FIG. 1 is a perspective view of a firefighting monitor made in accordance with the present disclosure;

FIG. 2 is an elevation, partial section view of the firefighting monitor shown in FIG. 1, illustrating components of upstream and downstream pivot connections;

FIG. 3 is an enlarged elevation, cross-section view of a portion of FIG. 2, illustrating the downstream pivot connection;

FIG. 4 is an elevation, cross-section, exploded view of the downstream pivot connection shown in FIG. 3;

FIG. 5 is an enlarged view of a portion of FIG. 3, illustrating components of a bearing arrangement made in accordance with the present disclosure;

FIG. 6 is an elevated perspective view of another embodiment of a pivot connection; and

FIG. 7 is an enlarged partial section view of the pivot connection of FIG. 6.

Corresponding reference characters indicate corresponding parts throughout the several views. Although the drawings represent embodiments of various features and components according to the present disclosure, the drawings are not necessarily to scale and certain features may be exaggerated in order to better illustrate and explain the present disclosure. The exemplifications set out herein illustrate embodiments of the disclosure, and such exemplifications are not to be construed as limiting the scope of the disclosure in any manner.

DETAILED DESCRIPTION OF THE DRAWINGS

For the purposes of promoting an understanding of the principals of the disclosure, reference will now be made to the embodiments illustrated in the drawings, which are described below. The embodiments disclosed below are not intended to be exhaustive or limit the disclosure to the precise form disclosed in the following detailed description. Rather, the embodiments are chosen and described so that others skilled in the art may utilize their teachings. It will be understood that no limitation of the scope of the disclosure is thereby intended. The disclosure includes any alterations and further modifications in the illustrative devices and described methods and further applications of the principles of the disclosure which would normally occur to one skilled in the art to which the disclosure relates.

FIG. 1 illustrates monitor 10 having inlet section 12, intermediate section 14 pivotably connected to inlet section 12 via upstream pivot connection 20, and outlet section 16 pivotably connected to intermediate section 14 via downstream pivot connection 40. In some applications, monitor 10 may be fixed to a mounting surface via a threaded connection between inlet section 12 and a base (not shown) fixed to the mounting surface. Inlet 12 may receive a flow of water or other firefighting fluid and direct the flow to intermediate and outlet sections 14, 16, then to nozzle 18 to direct an outlet flow in a desired direction. In one exemplary embodiment, monitor 10 may be configured to receive, direct and discharge relatively large flows of water or other firefighting fluid, such as up to 250, 350, 500, 700 or 1000 gallons per minute at water pressures of between 40 and 150 psi. For example, embodiments of monitor 10 may be capable of receiving, redirecting and discharging between 350 and 1000 gallons per minute at 75 psi, with higher or lower discharge capacities being generally proportional to higher or lower input fluid pressures respectively. Further still, in other embodiments the monitor 10 may be capable of receiving, redirecting, and discharging more than 1000 gallons per minute. In one non-exclusive example, the monitor 10 can process more than 2000 gallons per minute. In yet another example, the monitor can process over 5000 gallons per minute. Accordingly, this disclosure contemplates many different flow rates for the monitor 10.
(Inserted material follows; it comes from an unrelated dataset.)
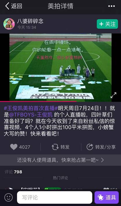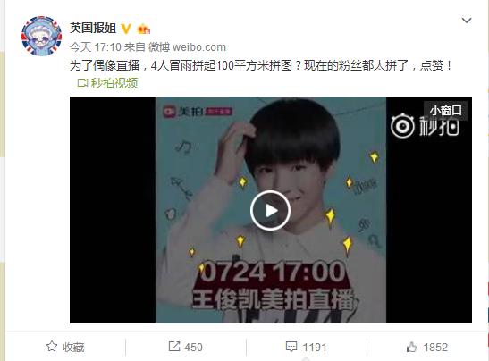 王俊凯作为TFBOYS的队长及团队核心,其粉丝“小螃蟹”们对偶像一直爱的“疯狂”,这一次为了支持偶像的个人美拍直播首秀,粉丝们更是“豁出去了”,冒大雨拼长图,并且拍下全程,以此来号召更多“凯妹”加入安利行列。

Where monitor 10 is fixed to a horizontal mounting surface, upstream pivot connection 20 swivels intermediate section 14, outlet section 16 and nozzle 18 about vertical axis AV (FIG. 2). The vertical flow path at inlet 12 is redirected by intermediate section 14 to a horizontal flow path leading to outlet section 16, such that downstream pivot connection 40 is capable of pivoting outlet section 16 and nozzle 18 about a horizontal axis AH. In use, upstream pivot connection 20 allows nozzle 18 to be pivoted through an angular sweep of up to 360° around vertical axis AV, while downstream pivot connection 40 allows nozzle 18 to be pivoted up or down relative to the horizontal mounting surface through an elevational sweep of up to, or in some cases more than, 180°. Of course, monitor 10 may also be mounted to other mounting surface configurations, such as vertical mounting surfaces, with attendant changes in the relative potential positions of nozzle 18 resulting from adjustment of upstream and downstream pivot connections 20 and 40.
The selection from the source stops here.